To better integrate these competencies, the Zicklin School collaborated with English and communications studies faculty from Baruch College’s Weissman School of Arts & Sciences, as well as staff from the Bernard L. Schwartz Communication Institute, the Tools for Clear Speech program, and other communications support service providers. The multidisciplinary team of faculty brainstormed ideas for teaching students written, spoken, and visual/graphic business communication skills in ways that allowed them to practice and build upon what they learn.
We envision proficiency in the seven communication competencies as a defining feature of our graduates.

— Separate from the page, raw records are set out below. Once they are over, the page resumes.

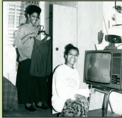
TV helps immigrants learn Hebrew.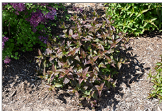
Kodiak Black Diervilla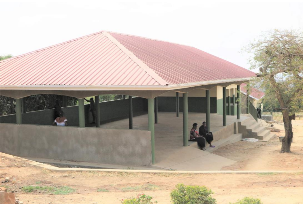
The Dining Hall

School management is already beautifying the school compound during construction with plants and flowers.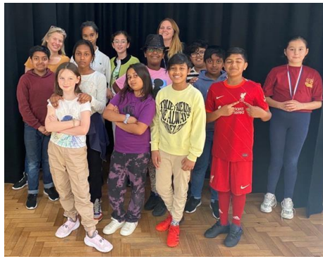
A very small reminder of the current Harbinger Chronicles Team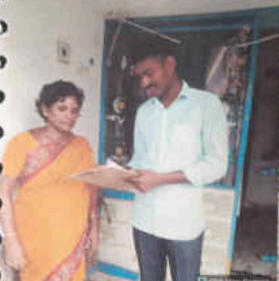
Srikakulam, Andhra Pradesh, India 17/05/23 07:07 AM GMT +05:30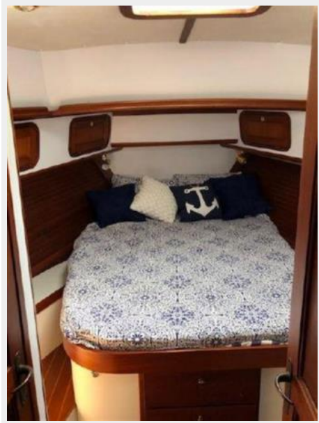
Owner's Large, Comfy Island Berth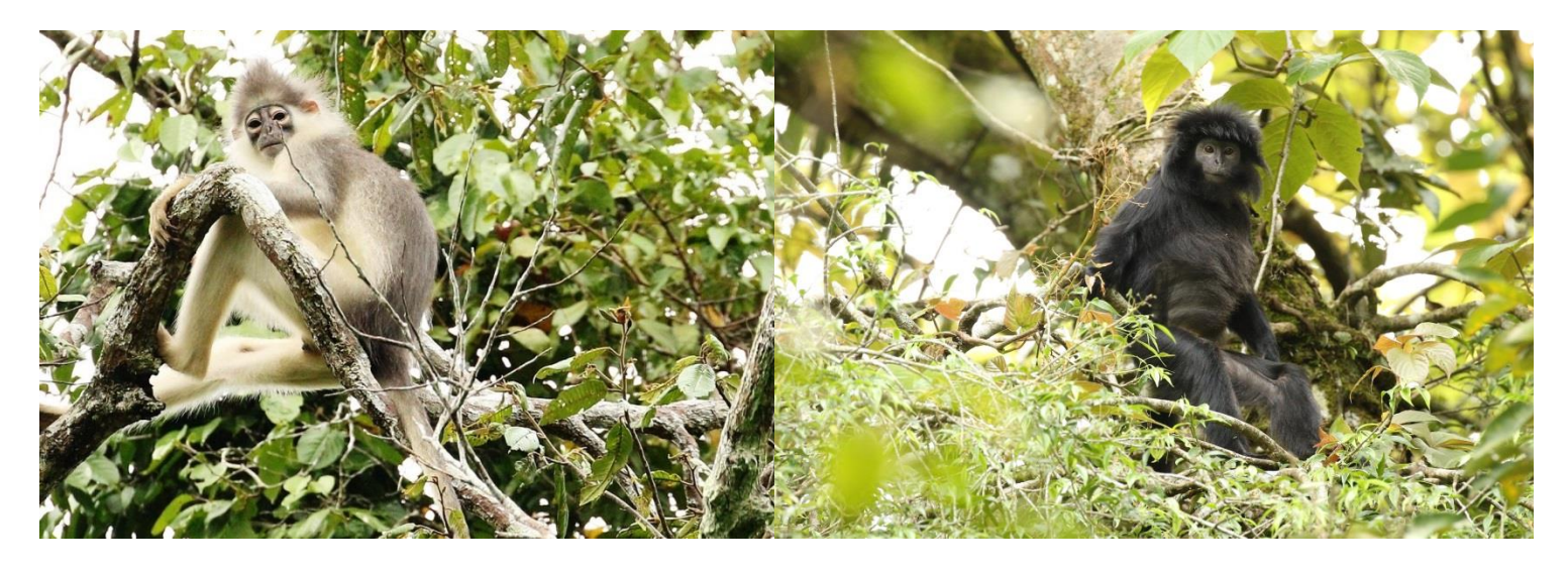
Mitred Langur

Heard but sadly not seen at Gunung Gede.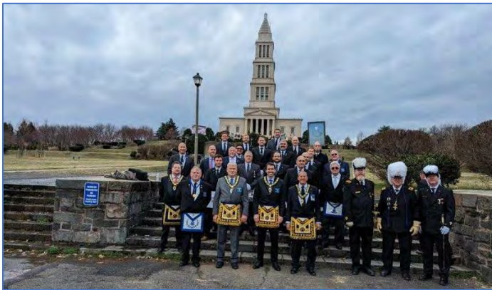
Members of the Grand Lodge of NC and Nazareth Commandery #41 at the George Washington National Masonic Memorial

Southern Pines - Early Sunday morning, February 19th, several members of Nazareth #41 and guests boarded a train for Alexandria, VA, arriving safely later that day. Monday morning, the group toured the Scottish Rite House of The Temple, home of the Scottish Rite Southern Jurisdiction. After the tour they returned to the hotel to get ready for the parade through historic Alexandria, celebrating the 100th Anniversary of the Laying of the Cornerstone of the George Washington Masonic National Memorial. Following the parade, they watched the re-enactment of the Laying of the Cornerstone.

That effort led to the creation of two new communications courses that “provide our students with more experience-based opportunities to develop business-specific communication skills earlier in their degree programs to support them in their majors, at the capstone level, and in their careers that follow,” says Meechal Hoffman, director of the Schwartz Communication Institute.
The first is a full-semester course focused on business-centric communication, such as writing effective emails, making data-supported recommendations, and communicating both within and outside teams and organizations. The second is a seven-and-a-half-week course on professional speech, which replaces a previous requirement that students take a generic public speaking class.
Designing the communication courses also inspired the curriculum committee to consider other life skills that students might need to develop. The result was the creation of an additional course called Principles of Financial Planning and Individual Investing. The half-semester course teaches students to manage their personal finances more effectively.
“College students and young businesspeople are often unsophisticated and inexperienced about the importance of financial planning, saving, and how to invest their own monies,” says Lipner. This course, he adds, not only provides students with tools to support their personal financial health and well-being, but also instills in them the competence and confidence to succeed in their chosen fields.
'Practicing What We Preach'
All in all, the collaboration across organizational and departmental units was one of the most gratifying parts of the curricular redesign process, says Huss. “The entire exercise,” he notes, “is a microcosm of the business world, where problems rarely occur in silos and where sound, sustainable solutions require cross-boundary approaches that respect all stakeholders.”
Huss points out that the channels for communication and collaboration that were created during the redesign will allow the school to make evidence-based adjustments to the BBA program more quickly going forward. These adjustments will be based on reviews of how well students in pilot courses achieve learning goals, as well as on feedback from students, faculty, alumni, and recruiters on how the redesigned curriculum affects students’ career readiness.
The second phase of the program rollout will involve working with other schools in the CUNY community on ways to prepare students even before they arrive at Zicklin. “For maximum impact, we need to bring the larger CUNY community into the equation, so that students who reach us from that pipeline are equally well positioned to succeed in the BBA program,” says Lipner.
Perhaps the biggest advantage of the curriculum overhaul is that it has better positioned faculty to embrace the nimble, agile business practices that business schools so often teach, says Huss. “There’s an old joke among academics that it’s easier to change the course of history than to change a course in history,” he says. “We’re determined to practice what we preach by keeping our minds open, listening to the needs of the marketplace, and implementing mission-driven changes that maximize our value to our students and the business community.”